Tether’s closest competitor, Circle Internet Financial, has taken a different approach. The day after the sanctions announcement, the US-based company said it had decided to comply by freezing $75,000 of its stablecoin, USD Coin, in Tornado Cash wallets and blocking transactions with blacklisted accounts.

Still, Circle chief executive Jeremy Allaire criticized the Treasury’s decision, writing on Twitter that he “crossed a major threshold in internet history”. He said the sanctions raise “extraordinary questions about privacy and security” and would invite “more brutal enforcement action if we don’t act now.”

Coin Center, a crypto think tank and advocacy group, went further. The organization said it was considering a legal challenge. The ruling “potentially violates constitutional rights to due process and free speech,” Jerry Brito and Peter Van Valkenburgh of the Coin Center wrote in a blog post last week, adding that the Treasury “has failed to act adequately to mitigate the foreseeable impact its action would have on innocent Americans.” Coin Center declined to comment further.

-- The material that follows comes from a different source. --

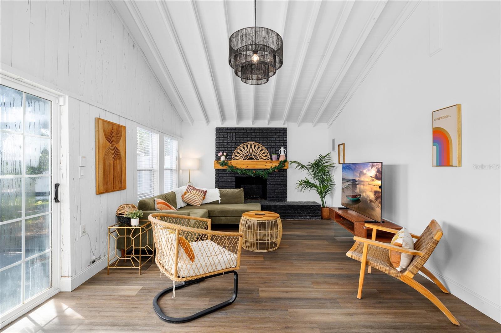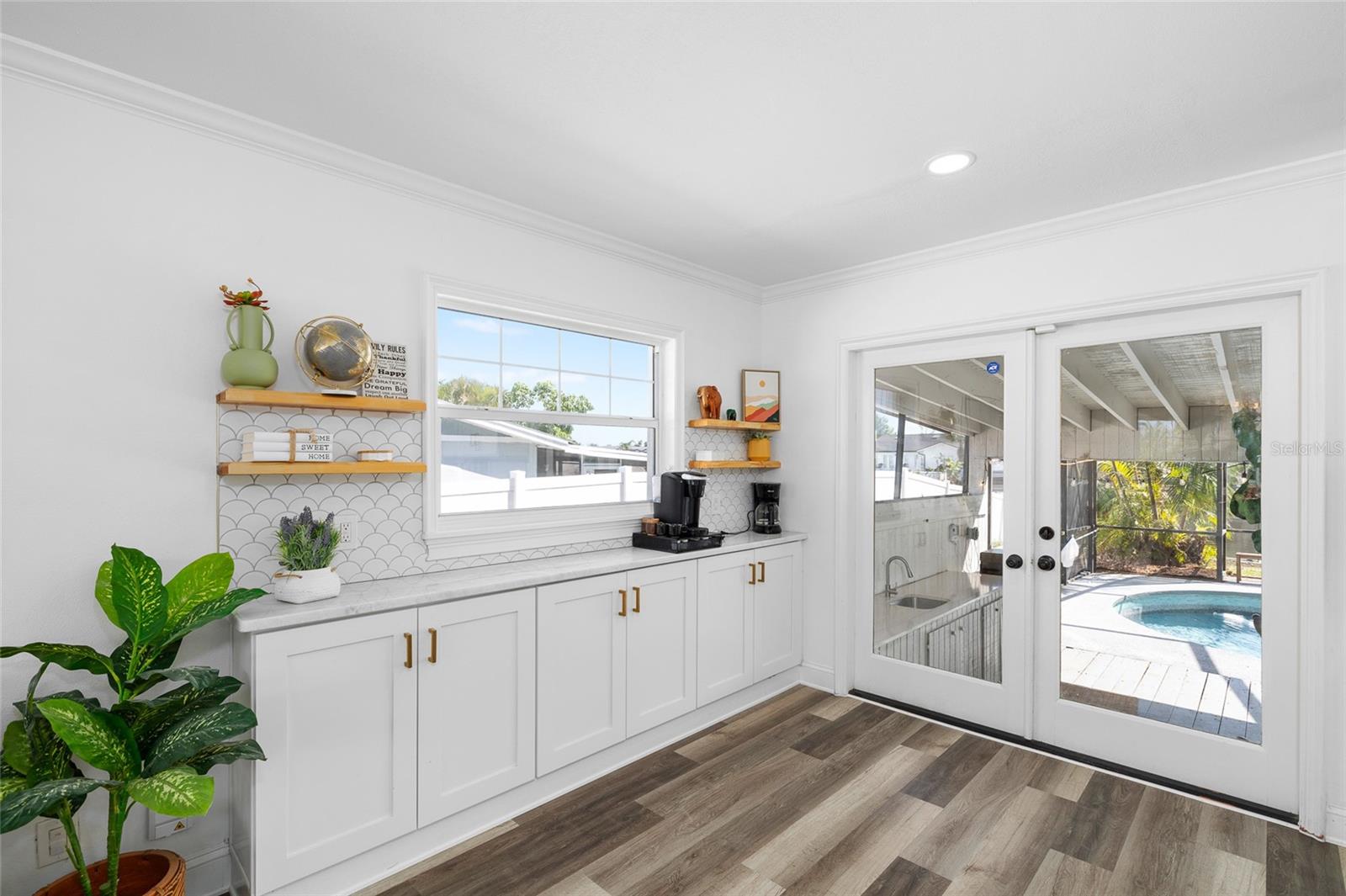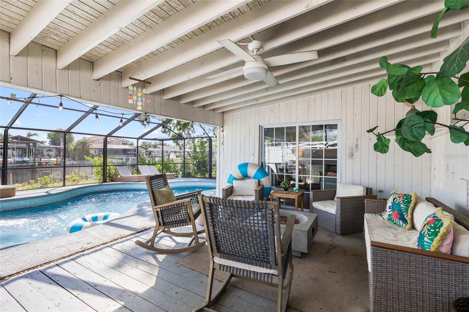 Step inside this turnkey oasis, where modern comfort meets effortless style. This stunning home boasts high end contemporary fixtures and trendy designer finishes, offering a perfect balance of modern sophistication and warm, inviting charm. The gourmet kitchen boasts top-of-the-line appliances, chic brass hardware, pot filler, large island and marble countertops. The expansive windows and French doors open seamlessly to the poolside retreat, bringing in natural light and enhancing the home's airy feel, ideal for both entertaining and everyday relaxation. In the living area, soaring cathedral ceilings and wall-to-wall windows provide a stunning backdrop, complemented by a cozy wood-burning fireplace. Sliding glass doors lead outside, ensuring a smooth transition between indoor and outdoor spaces. This floor also features an additional seating area, bedroom and a stunning full bathroom designed to impress. Ascend to the third floor, where you’ll find two beautifully appointed guest bedrooms and a stylish guest bathroom, along with the serene master suite. Indulge in a spa-like experience in the luxurious en-suite bath, featuring dual sinks, a sleek walk-in shower, and designer finishes. Outside your private oasis awaits! Screened in lanai with an outdoor wet bar and plenty of seating room for outdoor entertainment. Soak in the canal view with direct access to the bay. Whether you're searching for your dream home, a luxurious vacation retreat, or a savvy investment opportunity, this stunning property offers it all! With short-term rentals allowed, you can maximize its potential as a lucrative rental or enjoy it as your own private getaway. Don’t miss the chance to own a piece of paradise!

Tornado Cash is set to run automatically, and it cannot be changed or stopped. “It’s like yelling at a vending machine,” said Michael Mosier, former head of the Treasury’s Financial Crimes Enforcement Network, who is now general counsel at crypto privacy firm Espresso Systems. “That’s not the way to do behavior change, so it won’t affect the national security objectives for which the system was put in place.”

Tornado Cash has already seen a steep drop in the crypto it trades since the sanctions took effect. Daily deposits to the program have grown from around $7 million worth of Ethereum in the first week of August to around $2 million since the mixer was sanctioned, according to data from Dune Analytics. As traffic to the mixer dries up, say crypto analysts, the tool becomes less useful for illicit actors, who need a large pool of crypto to effectively hide the assets they send there.